**Work required**
In the entries that follow, the lines from the line containing "JNCグループは、DEI(Diversity, Equity &" up to and including the line containing "Edinburg: Apollo Press, 1776-82." must be copied exactly, with pictures omitted.
━━ Record set ━━
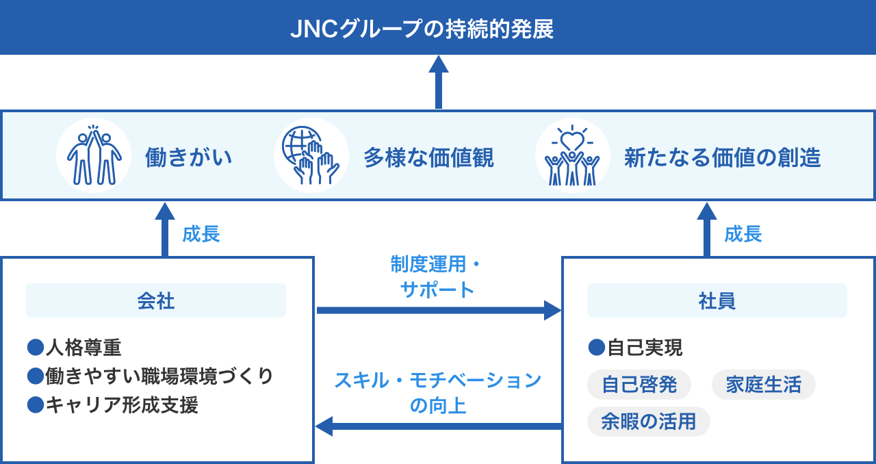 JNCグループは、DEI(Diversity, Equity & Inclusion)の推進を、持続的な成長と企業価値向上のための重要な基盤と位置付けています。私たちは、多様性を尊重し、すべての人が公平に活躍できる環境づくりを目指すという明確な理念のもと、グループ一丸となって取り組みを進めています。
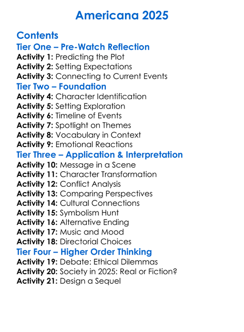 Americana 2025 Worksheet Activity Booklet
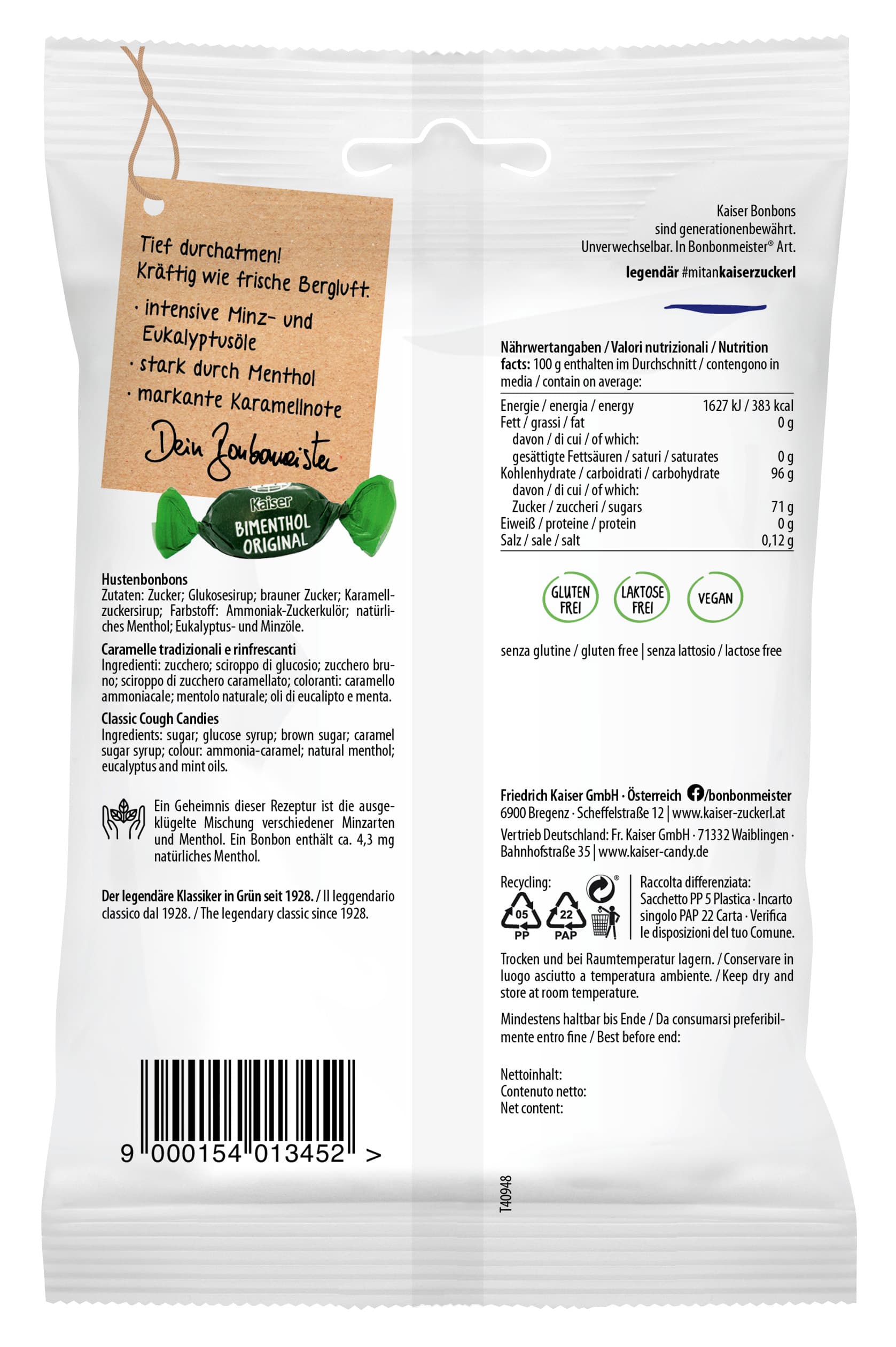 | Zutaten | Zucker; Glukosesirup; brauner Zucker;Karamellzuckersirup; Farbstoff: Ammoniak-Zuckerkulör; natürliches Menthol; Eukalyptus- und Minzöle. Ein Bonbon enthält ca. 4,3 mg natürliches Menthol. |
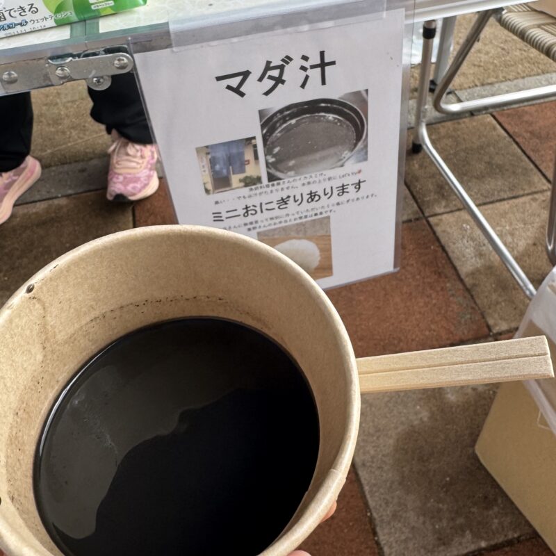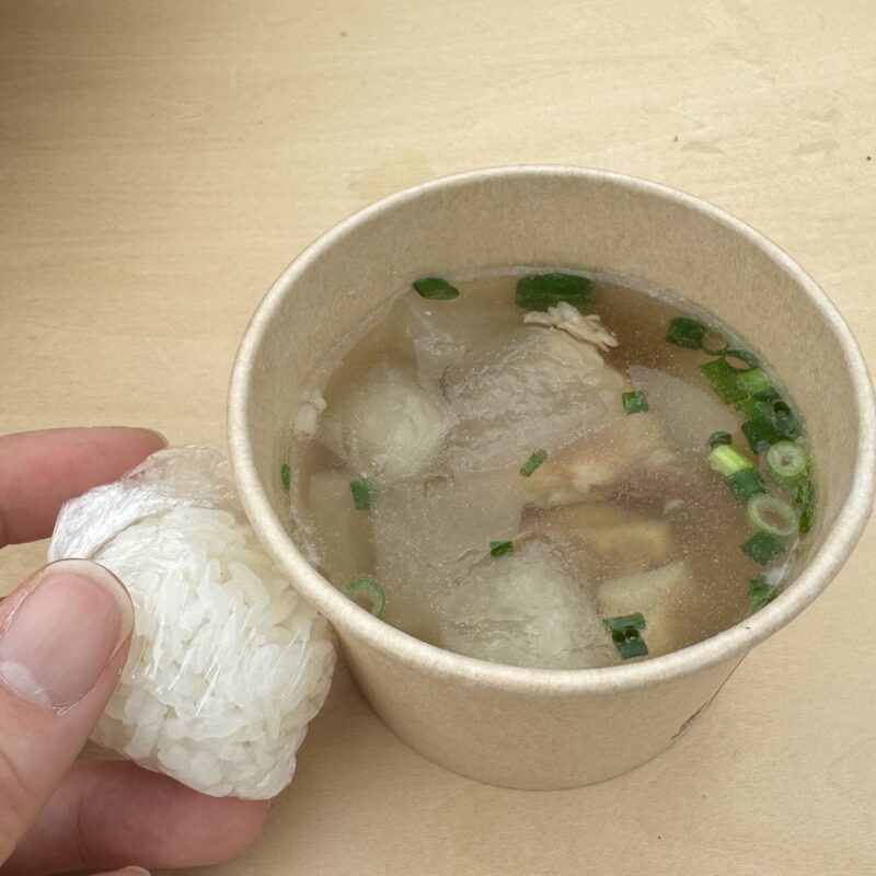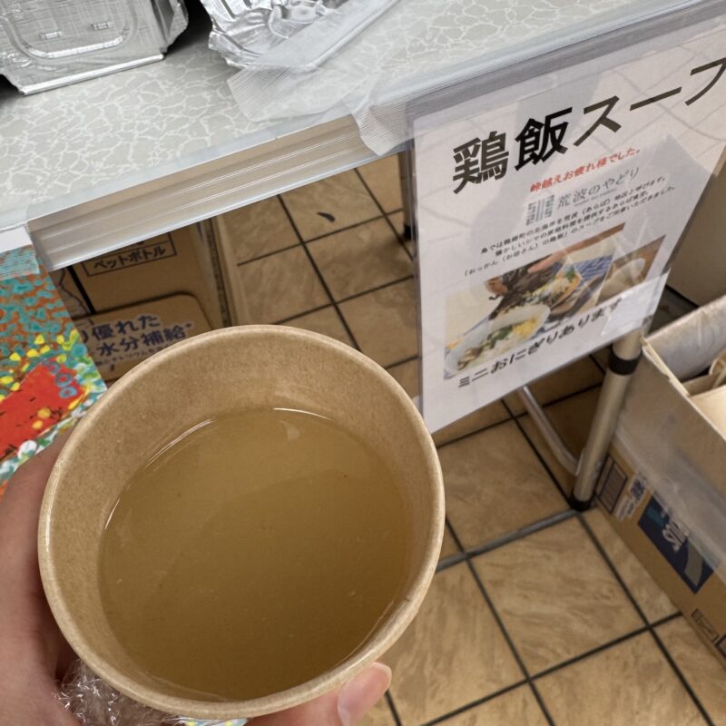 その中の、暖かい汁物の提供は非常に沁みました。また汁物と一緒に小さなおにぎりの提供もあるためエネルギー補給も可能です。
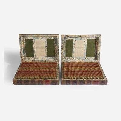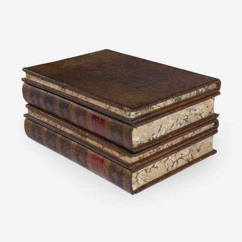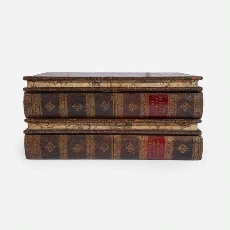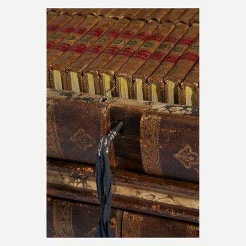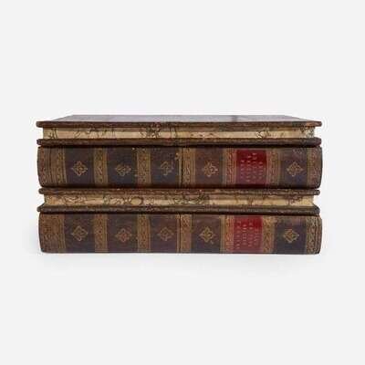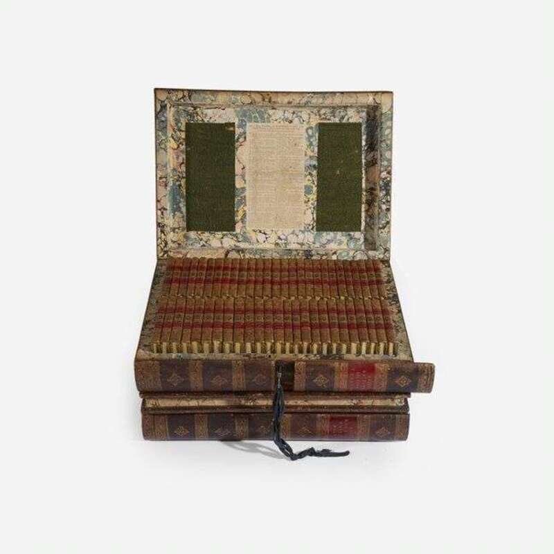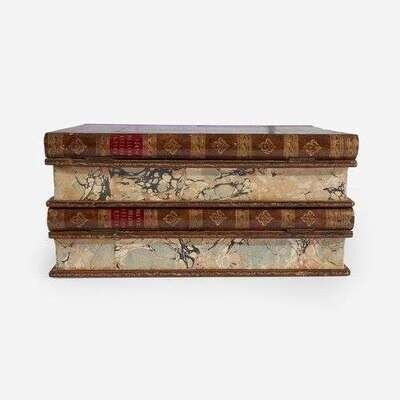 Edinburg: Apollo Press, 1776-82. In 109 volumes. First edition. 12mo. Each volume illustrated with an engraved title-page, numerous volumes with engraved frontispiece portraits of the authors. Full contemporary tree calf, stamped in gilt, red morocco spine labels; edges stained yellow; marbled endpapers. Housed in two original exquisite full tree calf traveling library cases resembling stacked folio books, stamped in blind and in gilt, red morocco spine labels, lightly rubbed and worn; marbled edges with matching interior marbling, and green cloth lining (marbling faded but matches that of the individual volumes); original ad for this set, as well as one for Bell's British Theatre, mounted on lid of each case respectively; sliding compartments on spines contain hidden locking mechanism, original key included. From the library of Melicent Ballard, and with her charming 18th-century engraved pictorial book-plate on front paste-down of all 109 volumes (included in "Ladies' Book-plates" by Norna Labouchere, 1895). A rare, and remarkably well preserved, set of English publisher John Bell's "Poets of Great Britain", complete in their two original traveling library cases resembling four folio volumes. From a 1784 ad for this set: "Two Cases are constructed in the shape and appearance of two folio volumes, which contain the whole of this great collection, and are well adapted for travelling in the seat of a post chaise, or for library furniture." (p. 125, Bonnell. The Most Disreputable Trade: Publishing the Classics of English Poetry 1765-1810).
━━━
━━ Record set ━━
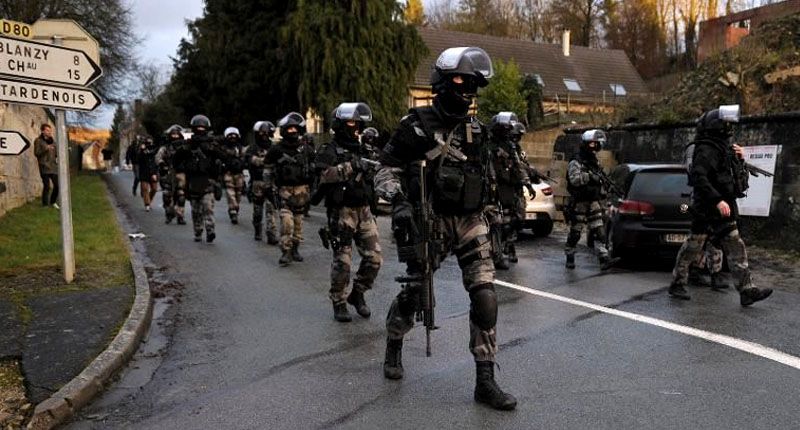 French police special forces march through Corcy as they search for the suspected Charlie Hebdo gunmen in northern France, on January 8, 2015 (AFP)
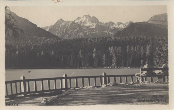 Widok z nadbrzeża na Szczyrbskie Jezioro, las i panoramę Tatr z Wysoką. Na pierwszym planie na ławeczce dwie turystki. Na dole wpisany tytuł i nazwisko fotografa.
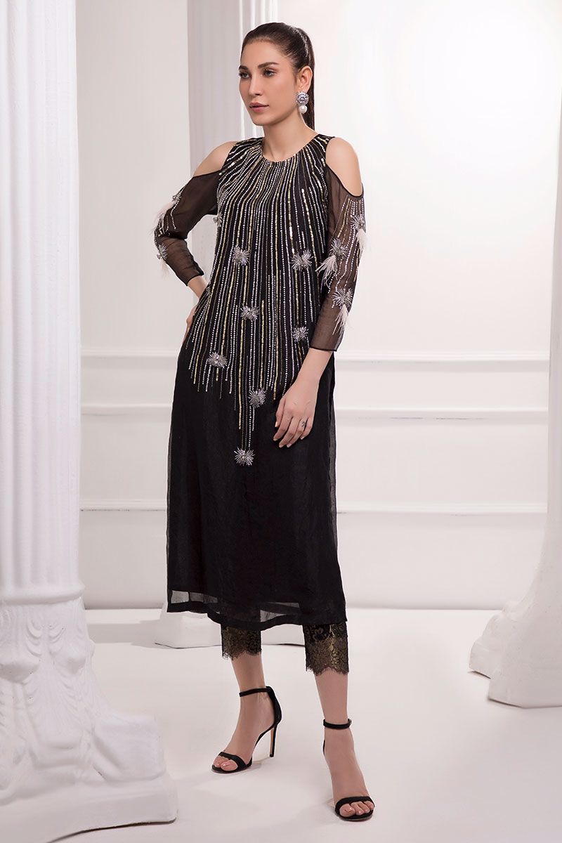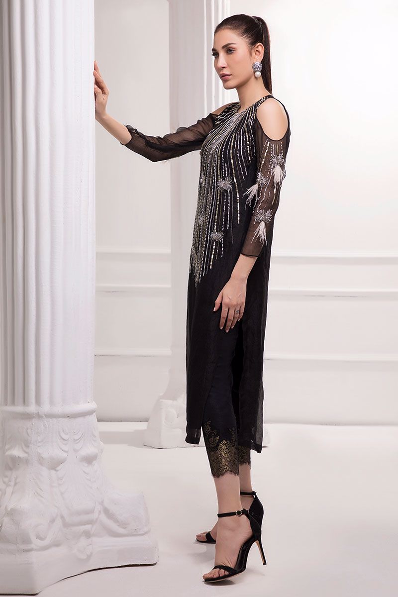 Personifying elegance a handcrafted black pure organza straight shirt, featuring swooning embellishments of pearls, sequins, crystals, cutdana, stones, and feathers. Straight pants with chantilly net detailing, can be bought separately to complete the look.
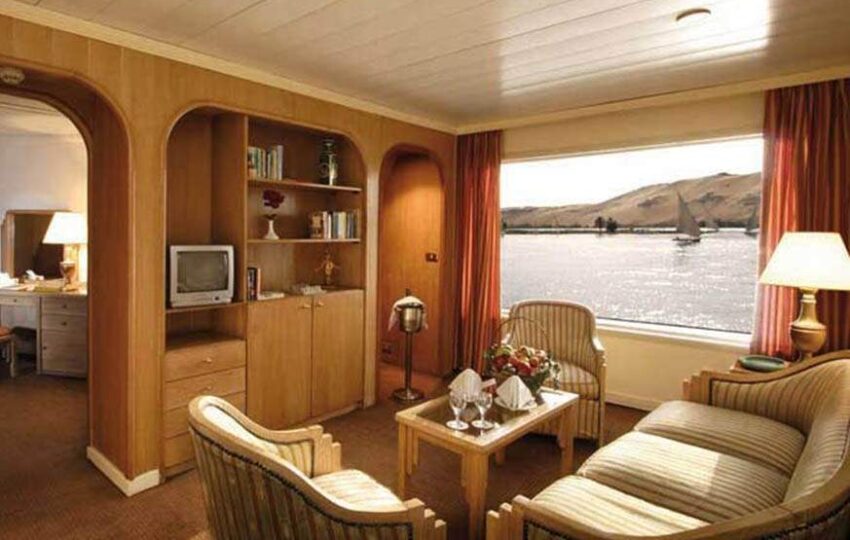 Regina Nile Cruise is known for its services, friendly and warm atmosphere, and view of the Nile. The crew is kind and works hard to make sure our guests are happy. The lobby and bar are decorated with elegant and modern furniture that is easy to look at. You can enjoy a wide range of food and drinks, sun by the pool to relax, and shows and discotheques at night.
━━━
━━ Record set ━━
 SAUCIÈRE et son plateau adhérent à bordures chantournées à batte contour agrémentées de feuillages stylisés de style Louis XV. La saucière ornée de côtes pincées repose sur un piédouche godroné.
━━━
**Answer for the task**
 JNCグループは、DEI(Diversity, Equity & Inclusion)の推進を、持続的な成長と企業価値向上のための重要な基盤と位置付けています。私たちは、多様性を尊重し、すべての人が公平に活躍できる環境づくりを目指すという明確な理念のもと、グループ一丸となって取り組みを進めています。
 Americana 2025 Worksheet Activity Booklet
 | Zutaten | Zucker; Glukosesirup; brauner Zucker;Karamellzuckersirup; Farbstoff: Ammoniak-Zuckerkulör; natürliches Menthol; Eukalyptus- und Minzöle. Ein Bonbon enthält ca. 4,3 mg natürliches Menthol. |
 その中の、暖かい汁物の提供は非常に沁みました。また汁物と一緒に小さなおにぎりの提供もあるためエネルギー補給も可能です。
 Edinburg: Apollo Press, 1776-82. In 109 volumes. First edition. 12mo. Each volume illustrated with an engraved title-page, numerous volumes with engraved frontispiece portraits of the authors. Full contemporary tree calf, stamped in gilt, red morocco spine labels; edges stained yellow; marbled endpapers. Housed in two original exquisite full tree calf traveling library cases resembling stacked folio books, stamped in blind and in gilt, red morocco spine labels, lightly rubbed and worn; marbled edges with matching interior marbling, and green cloth lining (marbling faded but matches that of the individual volumes); original ad for this set, as well as one for Bell's British Theatre, mounted on lid of each case respectively; sliding compartments on spines contain hidden locking mechanism, original key included. From the library of Melicent Ballard, and with her charming 18th-century engraved pictorial book-plate on front paste-down of all 109 volumes (included in "Ladies' Book-plates" by Norna Labouchere, 1895). A rare, and remarkably well preserved, set of English publisher John Bell's "Poets of Great Britain", complete in their two original traveling library cases resembling four folio volumes. From a 1784 ad for this set: "Two Cases are constructed in the shape and appearance of two folio volumes, which contain the whole of this great collection, and are well adapted for travelling in the seat of a post chaise, or for library furniture." (p. 125, Bonnell. The Most Disreputable Trade: Publishing the Classics of English Poetry 1765-1810).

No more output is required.